And that's a pretty mild example of what could happen if you did. Hotlinking javascript is an excellent way to allow someone else to pull all kinds of tricks with your visitors and your image. For example, redirecting all your traffic to a shocksite.
Every time you include some externally hosted javascript you open yourself and your visitors to a security risk. And on top of that, if you do it like this you're stealing bandwidth.
When including remotely hosted javascript make sure you have permission, make sure the other party is trustworthy and periodically review the linked script to make sure it does what is advertised (and that's imperfect, it could be you're seeing something else than other visitors).
"It would mean coordinating updates of the digest to all referencing sites though, which might make it practically impossible."
You just put the version number in the name somewhere and make deployments immutable. Otherwise you have everything you need for that already, technically, though you might want to add a fallback to a local clone of the resource or something so it isn't just a failure.
The security risk is precisely why a lot of new services provide embeddable content via iframes now, rather than JS. On the other hand, this still isn't perfect - we wrote about it today, actually: https://www.tinfoilsecurity.com/blog/protect-your-website-fr...

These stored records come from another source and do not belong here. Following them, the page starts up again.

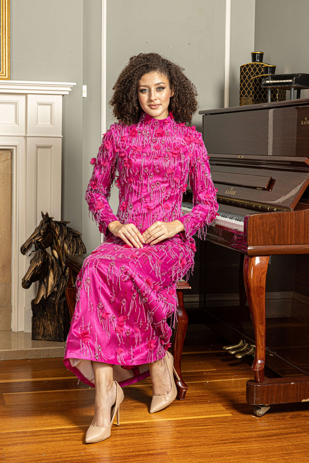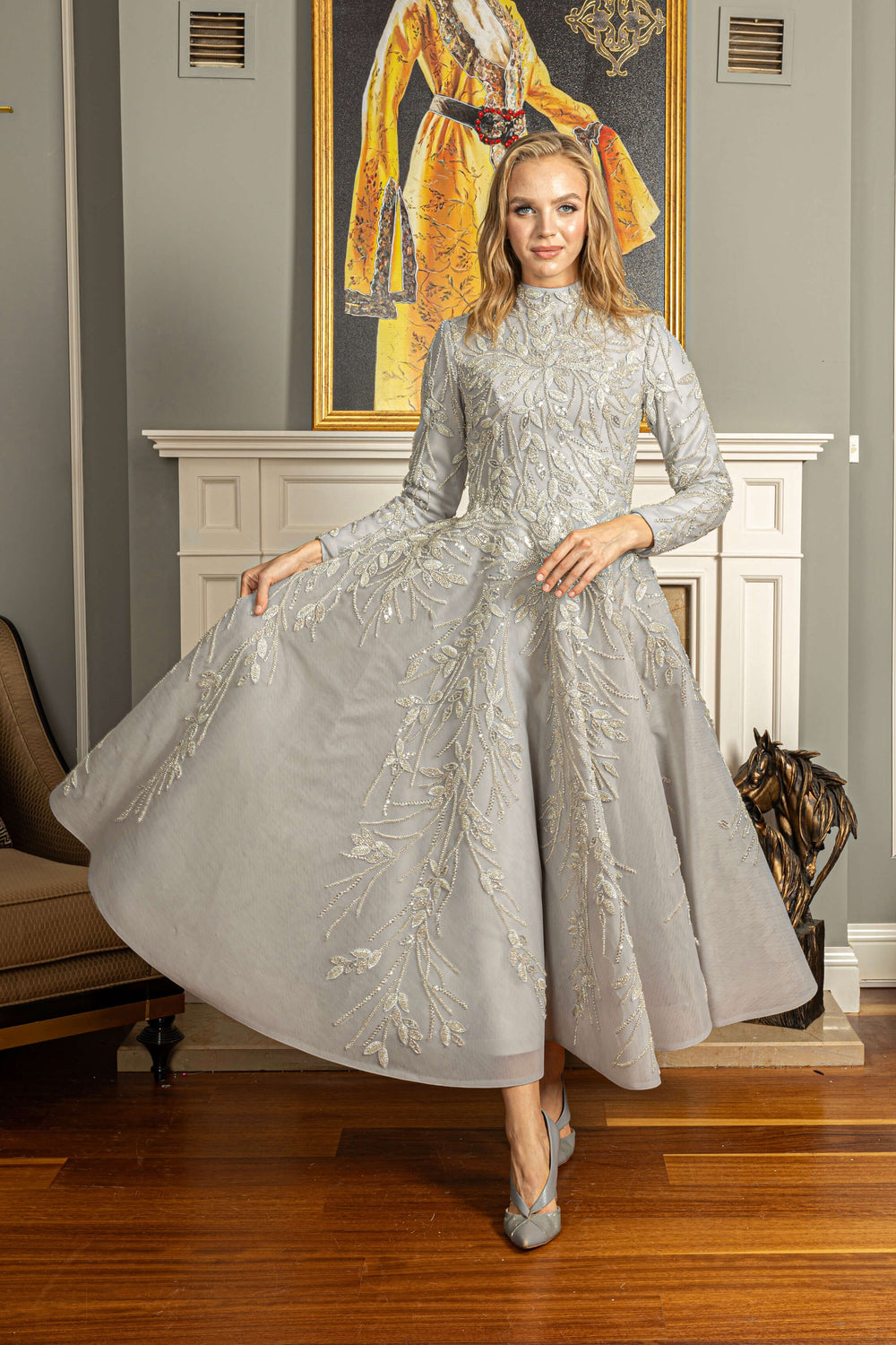 Dantel dizaynı ve zarif işlemeleriyle ön plana çıkan bu midi boy abiye elbise, şıklık ve zarafeti bir arada sunuyor. İnce detaylarla işlenmiş tasarımı, uzun kollu modeli ve yüksek yaka kesimiyle modern bir hava katıyor. Özel davetler, nişan, düğün gibi organizasyonlar için ideal bir seçenek olan bu elbise, rahat kumaş dokusuyla hem şık hem de konforlu bir kullanım sağlar. Kaliteli işçiliği ve göz alıcı detaylarıyla unutulmaz bir stil yaratır.
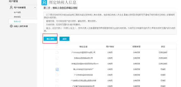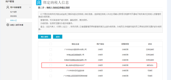 4) 成功關聯(lián)后頁面自動跳轉到納稅人身份信息列表,可以在這里確認權限。
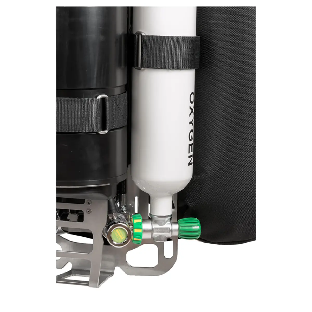 The cylinder is labeled OXYGEN and is situated on the diver´s right side when wearing the CCR Liberty.

Iframes do suck. However, success of a whole crop of companies like Disqus depends on it sucking less. I am sure this is a known issue for these companies.
The standard pattern is never use external dependencies directly, but to keep copies and host them on your CDN.
For dependencies you can control, it's obviously best to keep a local or CDN copy. However this trend of embedding js from all over the web is encouraged by the pattern that most of the big sites allowing you to embed content use:
Google, Twitter, FaceBook all want you to embed js hosted on their servers in your page in order to interact with their site, even if all that script does is then insert an iframe into the page. By including a button or widget like the one above you're trusting them not to take over your site in a manner similar to this example, track your users surreptitiously, or be compromised now or in the future.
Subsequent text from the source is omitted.